Basic regression with Gaussian Processes¶

In this notebook we use the Python library GPy for Gaussian processes and apply them to a regression problem in the Airfoil self-noise dataset from UCI Machine Learning Repository.

In [1]:

import pandas as pd
import numpy as np
import GPy
from matplotlib import pyplot as plt
%matplotlib inline

In [2]:

# Download the dataset
!wget https://archive.ics.uci.edu/ml/machine-learning-databases/00291/airfoil_self_noise.dat

--2018-12-18 21:07:53--  https://archive.ics.uci.edu/ml/machine-learning-databases/00291/airfoil_self_noise.dat
Resolving archive.ics.uci.edu (archive.ics.uci.edu)... 128.195.10.249
Connecting to archive.ics.uci.edu (archive.ics.uci.edu)|128.195.10.249|:443... connected.
HTTP request sent, awaiting response... 200 OK
Length: 59984 (59K) [text/plain]
Saving to: 'airfoil_self_noise.dat'

airfoil_self_noise. 100%[===================>]  58.58K  87.5KB/s    in 0.7s    

2018-12-18 21:07:54 (87.5 KB/s) - 'airfoil_self_noise.dat' saved [59984/59984]

In [3]:

# View the first rows
!head airfoil_self_noise.dat

As explained on the repository web page, the data columns are:

Frequency, in Hertzs.
Angle of attack, in degrees.
Chord length, in meters.
Free-stream velocity, in meters per second.
Suction side displacement thickness, in meters.

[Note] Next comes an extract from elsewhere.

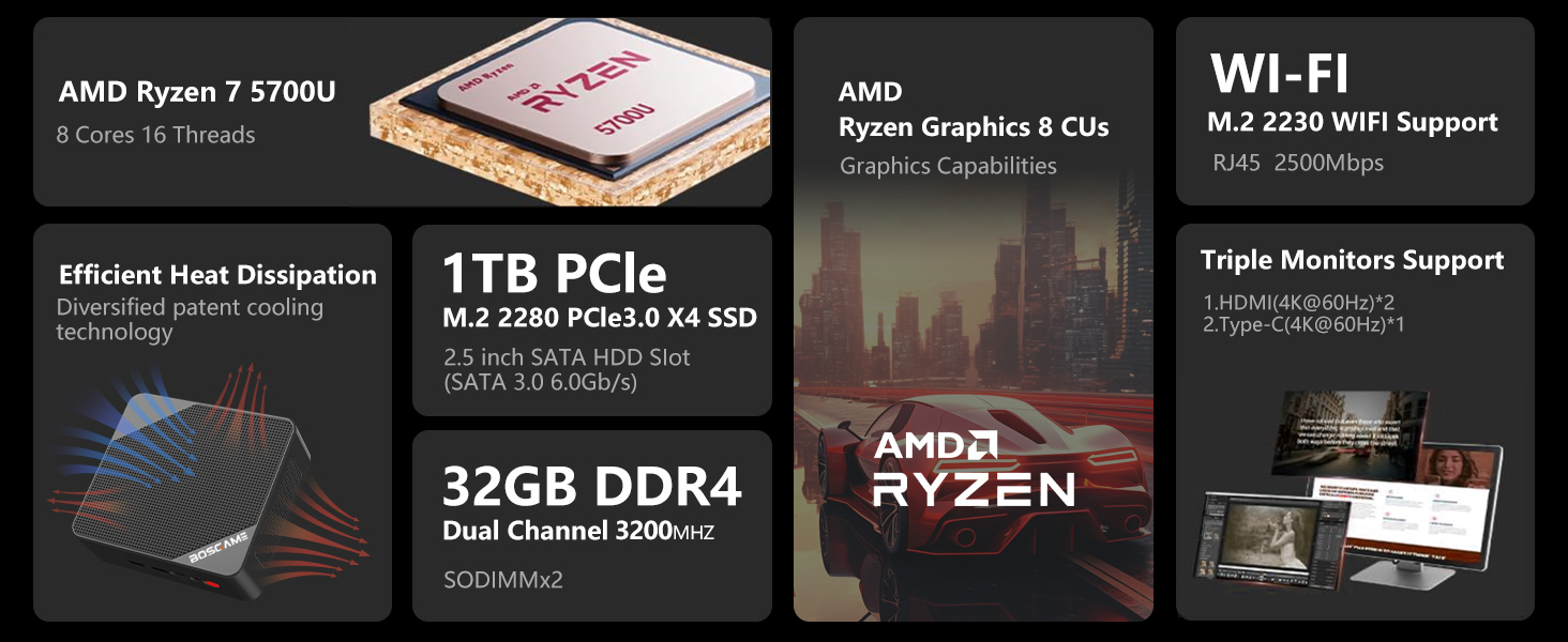 🎈[معالج AMD RYZEN 7 5700U] تم تجهيز جهاز الكمبيوتر الصغير BOSGAME بمعالج AMD Ryzen 7 5700U (8C/16T، ذاكرة تخزين مؤقت 16 ميجا، حتى 4.3 جيجا هرتز)، أقصى تردد لرسومات وحدة معالجة الرسومات 1900 ميجا هرتز. مقارنة مع AMD Ryzen 5 (5600U/5500U)، U57 MINI PC 5700U أداء وحدة المعالجة المركزية +30%، وحدة معالجة الرسومات +35%، أداء أكثر قوة وتشغيل أكثر سلاسة.

The output column is: 6. Scaled sound pressure level, in decibels.

In [4]:

# Load the data into a pandas dataframe
data = pd.read_csv('airfoil_self_noise.dat', 
                   sep='\t', 
                   names=['frequency',
                          'angle_of_attack',
                          'chord_length',
                          'free-stream_velocity',
                          'suction_side_displacement_thickness',
                          'sound_pressure'])

In [5]:

data.head()

Out[5]:

	frequency	chord_length	free-stream_velocity	suction_side_displacement_thickness	sound_pressure
0	800	0.3048	71.3	0.002663	126.201
1	1000	0.3048	71.3	0.002663	125.201
2	1250	0.3048	71.3	0.002663	125.951
3	1600	0.3048	71.3	0.002663	127.591
4	2000	0.3048	71.3	0.002663	127.461

In [6]:

data.info()

<class 'pandas.core.frame.DataFrame'>
RangeIndex: 1503 entries, 0 to 1502
Data columns (total 6 columns):
frequency                              1503 non-null int64
angle_of_attack                        1503 non-null float64
chord_length                           1503 non-null float64
free-stream_velocity                   1503 non-null float64
suction_side_displacement_thickness    1503 non-null float64
sound_pressure                         1503 non-null float64
dtypes: float64(5), int64(1)
memory usage: 70.5 KB

Gaussian processes, very briefly¶

By a Gaussian process we mean a collection of random variables $f(\mathbf{x})$ indexed by $\mathbf{x} \in \mathbb{R}^d$ so that any finite number of them has jointly Gaussian distribution. To specify a Gaussian process, it suffices to define its covariance function $$ k(\mathbf{x}_p, \mathbf{x}_q) = \mathbb{E} [ f(\mathbf{x}_p) \, f(\mathbf{x}_q) ] , \quad \mathbf{x}_p,\mathbf{x}_q \in \mathbb{R}^d. $$ Here we assume that each random variable has zero mean. We will use the squared exponential (or RBF) kernel $$ k(\mathbf{x}_p,\mathbf{x}_q) = \sigma_f^2 \exp \Big( - \frac{\| \mathbf{x}_p - \mathbf{x}_q \|^2}{2\ell^2} \Big) , $$ where $\ell$ and $\sigma_f^2$ are the length-scale and signal variance parameters, respectively.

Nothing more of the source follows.